Stored records:

>>>

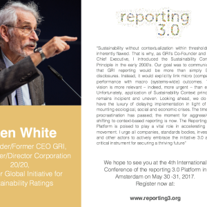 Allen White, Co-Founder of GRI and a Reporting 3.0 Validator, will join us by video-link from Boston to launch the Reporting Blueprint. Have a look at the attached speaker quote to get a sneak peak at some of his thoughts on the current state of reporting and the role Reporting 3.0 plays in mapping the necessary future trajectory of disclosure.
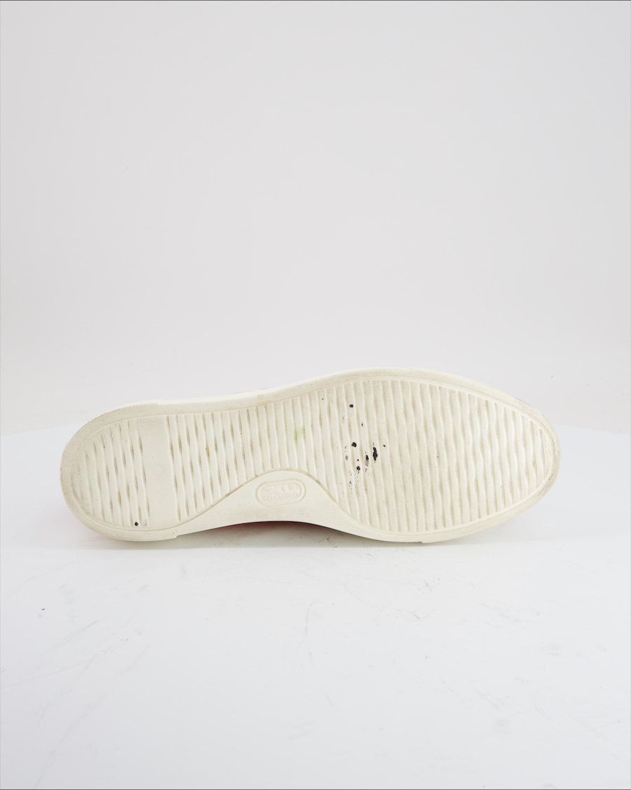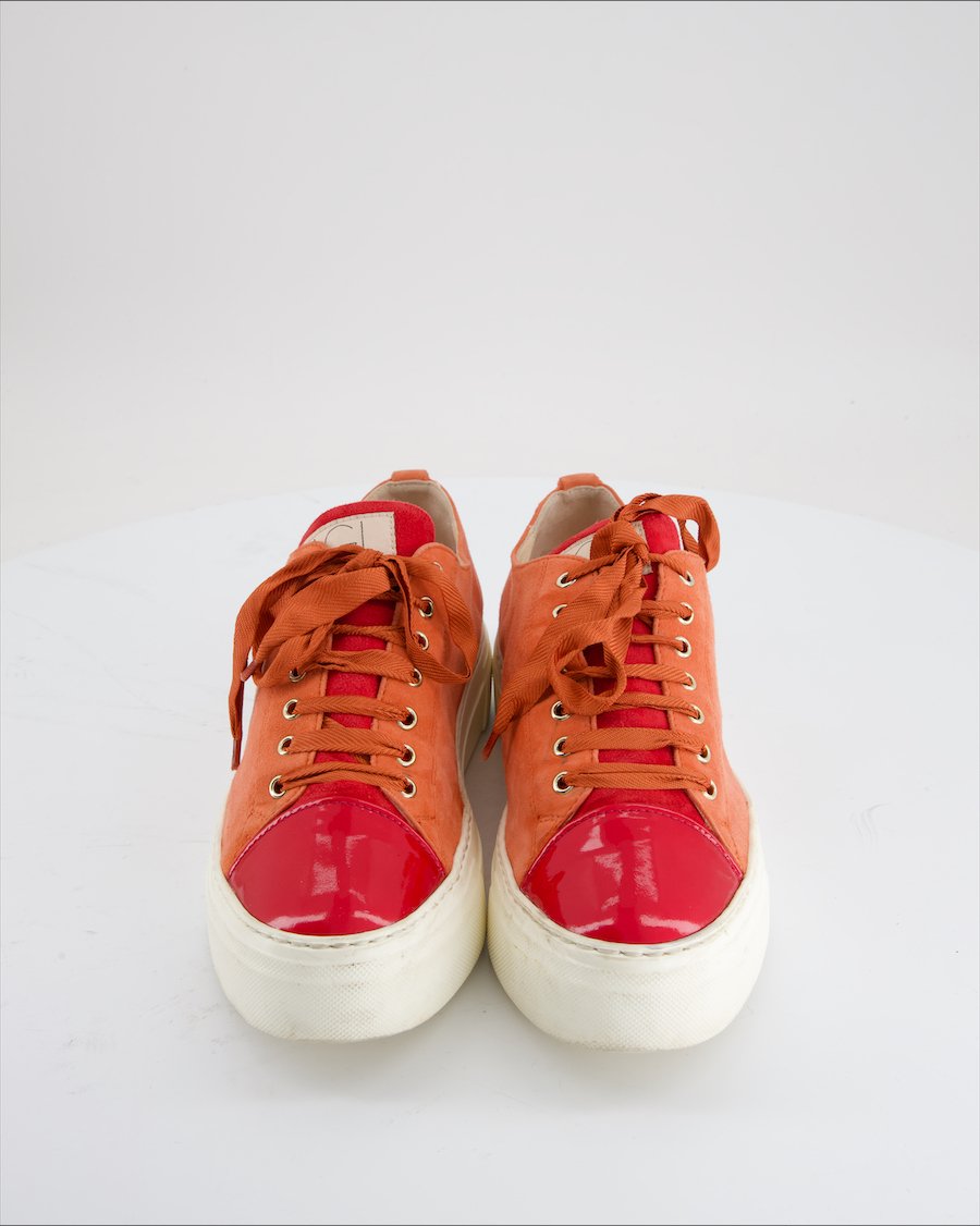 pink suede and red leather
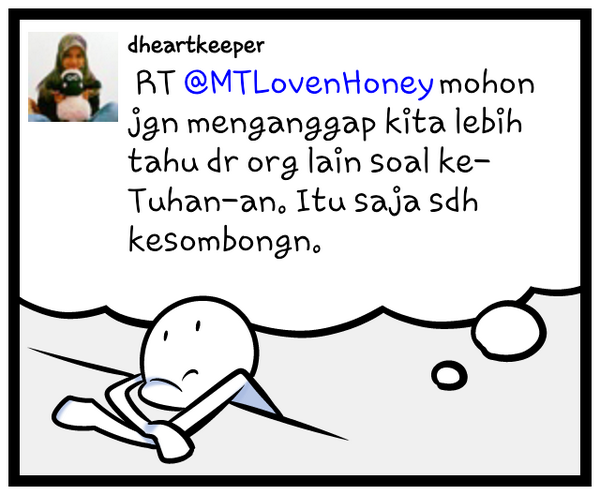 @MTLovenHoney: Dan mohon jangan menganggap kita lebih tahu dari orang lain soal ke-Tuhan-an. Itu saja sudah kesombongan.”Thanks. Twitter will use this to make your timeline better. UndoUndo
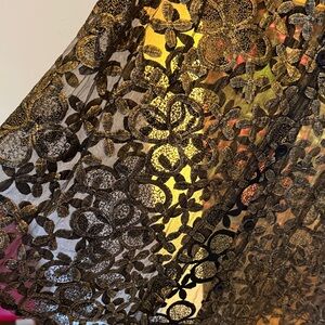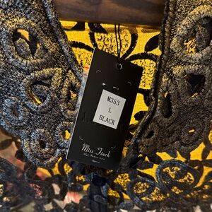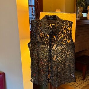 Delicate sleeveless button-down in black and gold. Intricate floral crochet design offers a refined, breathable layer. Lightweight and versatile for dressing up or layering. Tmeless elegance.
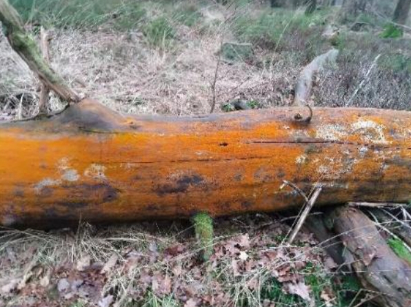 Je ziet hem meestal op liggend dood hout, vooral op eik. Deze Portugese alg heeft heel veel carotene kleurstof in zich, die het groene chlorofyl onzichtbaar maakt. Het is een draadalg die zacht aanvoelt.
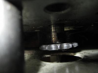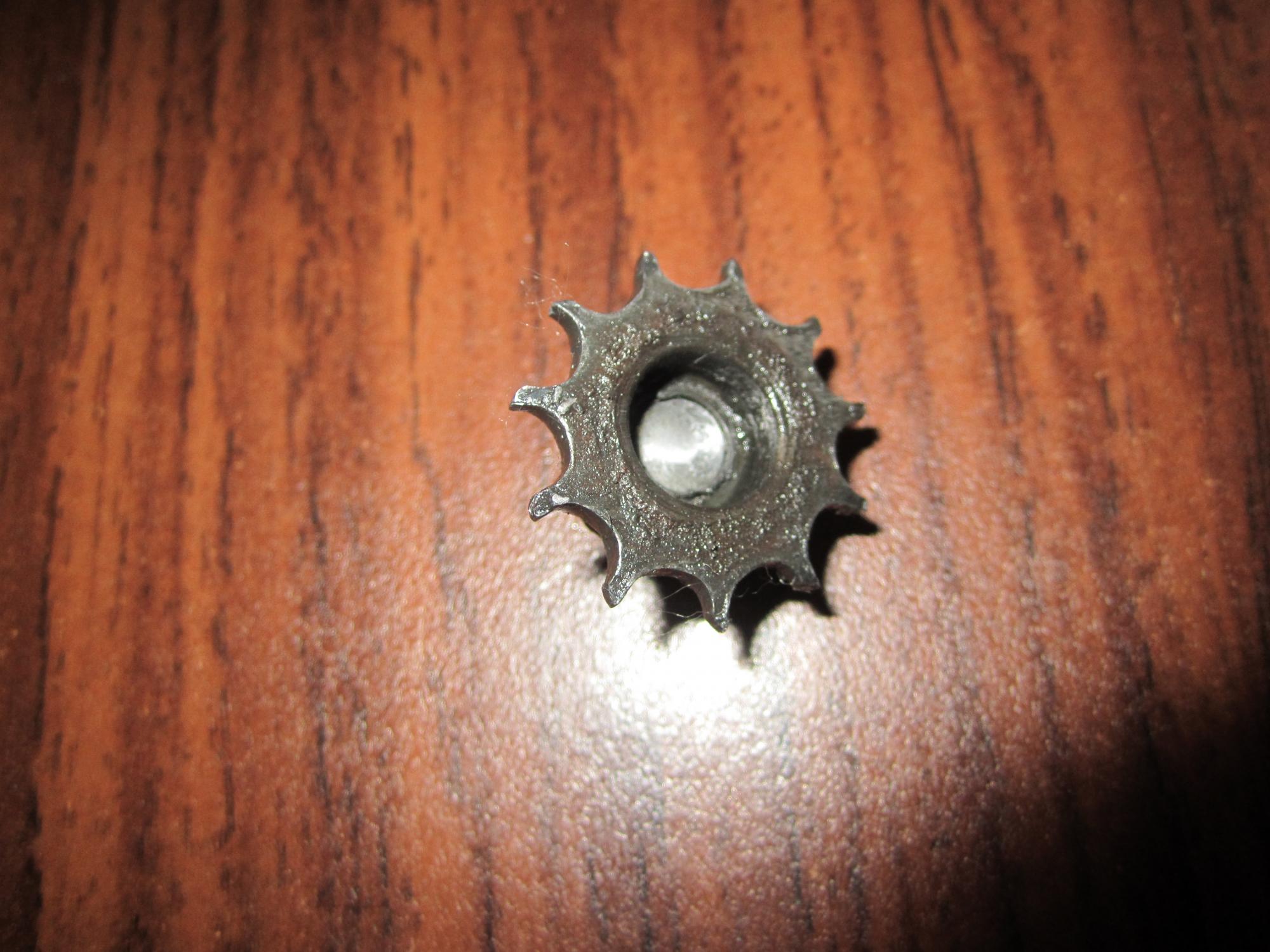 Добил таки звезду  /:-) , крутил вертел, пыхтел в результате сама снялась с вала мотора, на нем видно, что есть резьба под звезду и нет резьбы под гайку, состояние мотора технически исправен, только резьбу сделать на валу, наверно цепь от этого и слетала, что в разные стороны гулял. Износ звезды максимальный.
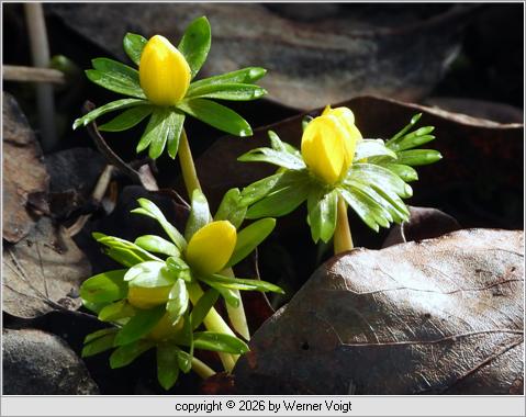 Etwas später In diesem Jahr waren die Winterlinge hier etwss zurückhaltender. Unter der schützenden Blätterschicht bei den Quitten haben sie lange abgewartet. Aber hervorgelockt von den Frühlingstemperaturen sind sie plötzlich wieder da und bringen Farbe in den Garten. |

<<<

TASK DESCRIPTION:
Copy nothing but the lines above that run from the one with "Delicate sleeveless button-down" to the one with "Je ziet hem", ends included; pictures stay out.

EXPECTED ANSWER:
 Delicate sleeveless button-down in black and gold. Intricate floral crochet design offers a refined, breathable layer. Lightweight and versatile for dressing up or layering. Tmeless elegance.
 Je ziet hem meestal op liggend dood hout, vooral op eik. Deze Portugese alg heeft heel veel carotene kleurstof in zich, die het groene chlorofyl onzichtbaar maakt. Het is een draadalg die zacht aanvoelt.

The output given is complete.